Task brief: Skip every picture, then write out exactly the lines of the listing below from the line that contains "大众30指数成份股中,15日" through the final line.

Supplied information:
········

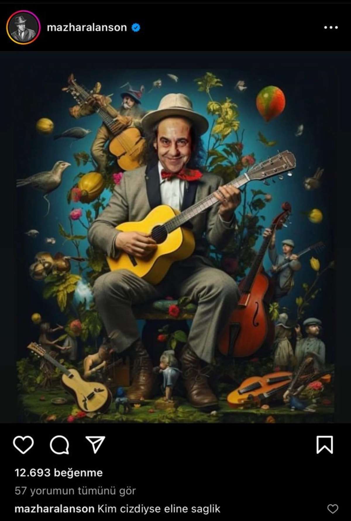 Mazhar Alanson da Özkan Uğur'un vefatından sonra ilk kez paylaşım yaptı. Özkan Uğur için yapılan bir çizimi paylaşan Mazhar Alanson, paylaşımına "Kim çizdiyse ellerine sağlık" notunu düştü.
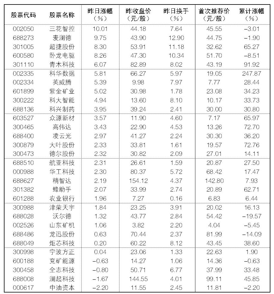 大众30指数成份股中,15日涨幅前五位的分别是三花智控、麦澜德、超捷股份、卧龙电驱、青木科技,涨幅分别为10.01%、9.75%、8.30%、8.26%、6.07%;跌幅榜上,中油资本、澜起科技、全志科技等跌幅居前。
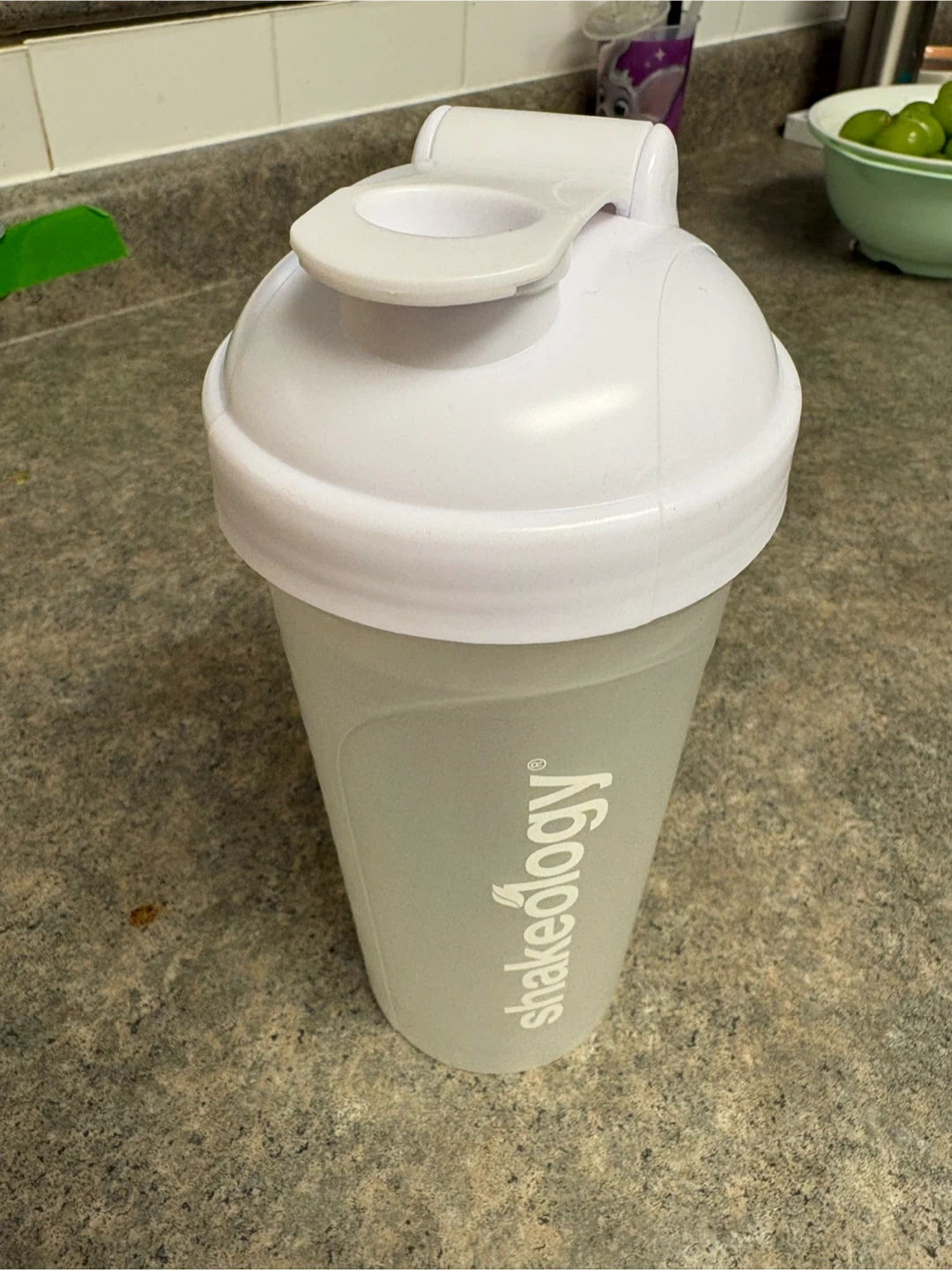 This is a Shakeology shaker bottle. It's white and grey, perfect for mixing your favourite protein shakes and smoothies. It has a secure lid for on-the-go use.

········

Output of the exercise:
 大众30指数成份股中,15日涨幅前五位的分别是三花智控、麦澜德、超捷股份、卧龙电驱、青木科技,涨幅分别为10.01%、9.75%、8.30%、8.26%、6.07%;跌幅榜上,中油资本、澜起科技、全志科技等跌幅居前。
 This is a Shakeology shaker bottle. It's white and grey, perfect for mixing your favourite protein shakes and smoothies. It has a secure lid for on-the-go use.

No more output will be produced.